But playoffs should not be the goal, at least not at the lower levels. Development should be the goal. In youth sports, playoffs are a by-product of developing players and managing the game well. I agree with the coaching philosophy of John Wooden that says, “Prepare your athletes, focus on excelling at the fundamentals, and the winning will take care of itself."
We have two formations and 10 plays. We get so good at those formations and plays that by the middle of the season I can call take half of a play and put it with a different play and they can figure it out. Without a break in the game, I can call a sweep right and turn it into a counter even though we did not actually practice that play during practice. From the sideline, I can yell out a play after they have lined up on the ball and they will all run the new play. How? Simplicity.

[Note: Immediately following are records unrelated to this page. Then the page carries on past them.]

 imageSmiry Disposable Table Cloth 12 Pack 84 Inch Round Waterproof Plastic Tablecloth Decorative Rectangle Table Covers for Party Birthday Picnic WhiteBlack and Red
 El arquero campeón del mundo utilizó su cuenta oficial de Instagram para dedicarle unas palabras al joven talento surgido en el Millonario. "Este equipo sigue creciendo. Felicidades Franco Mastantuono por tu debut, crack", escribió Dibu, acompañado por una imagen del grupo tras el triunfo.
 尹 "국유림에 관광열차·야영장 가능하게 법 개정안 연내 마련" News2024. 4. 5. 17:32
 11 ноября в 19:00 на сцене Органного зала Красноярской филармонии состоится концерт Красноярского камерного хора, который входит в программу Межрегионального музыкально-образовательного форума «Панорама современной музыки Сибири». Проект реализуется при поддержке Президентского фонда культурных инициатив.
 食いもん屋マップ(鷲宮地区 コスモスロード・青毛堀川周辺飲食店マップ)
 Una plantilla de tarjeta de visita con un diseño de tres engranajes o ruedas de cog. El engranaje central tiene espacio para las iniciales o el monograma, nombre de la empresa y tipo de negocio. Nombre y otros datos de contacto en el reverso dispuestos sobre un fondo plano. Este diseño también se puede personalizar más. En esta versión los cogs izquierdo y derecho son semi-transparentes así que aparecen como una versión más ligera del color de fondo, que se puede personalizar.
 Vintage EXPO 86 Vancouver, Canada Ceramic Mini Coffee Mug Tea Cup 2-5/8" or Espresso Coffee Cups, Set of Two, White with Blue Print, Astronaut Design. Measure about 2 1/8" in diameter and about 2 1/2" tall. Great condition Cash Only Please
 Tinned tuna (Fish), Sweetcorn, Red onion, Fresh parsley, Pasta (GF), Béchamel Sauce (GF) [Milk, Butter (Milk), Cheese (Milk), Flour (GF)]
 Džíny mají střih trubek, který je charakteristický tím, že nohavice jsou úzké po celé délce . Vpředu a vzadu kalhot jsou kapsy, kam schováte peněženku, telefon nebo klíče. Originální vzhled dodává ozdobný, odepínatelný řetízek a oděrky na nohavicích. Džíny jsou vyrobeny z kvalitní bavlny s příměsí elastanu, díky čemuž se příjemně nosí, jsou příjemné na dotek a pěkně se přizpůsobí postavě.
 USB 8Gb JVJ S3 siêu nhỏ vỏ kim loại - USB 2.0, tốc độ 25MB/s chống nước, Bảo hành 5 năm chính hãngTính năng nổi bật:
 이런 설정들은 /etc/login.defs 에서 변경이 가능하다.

Well, simplicity and we practice calling audibles during practice. 7-9-year-olds can handle that is you take the time to practice and keep it fairly simple.
I can do this because I keep things simple. “Hey athlete, where is your head? Where are your hands? Where are your feet?” They know what I am talking about because they have heard it a hundred times before. Keep it simple. If a student-athlete has to second guess what they are suppose to do the play will be over before they have had a chance to decide. Simplicity breeds success.
The lesson: keep it fun, keep it simple, teach fundamentals, then get out of the way and let the kids play.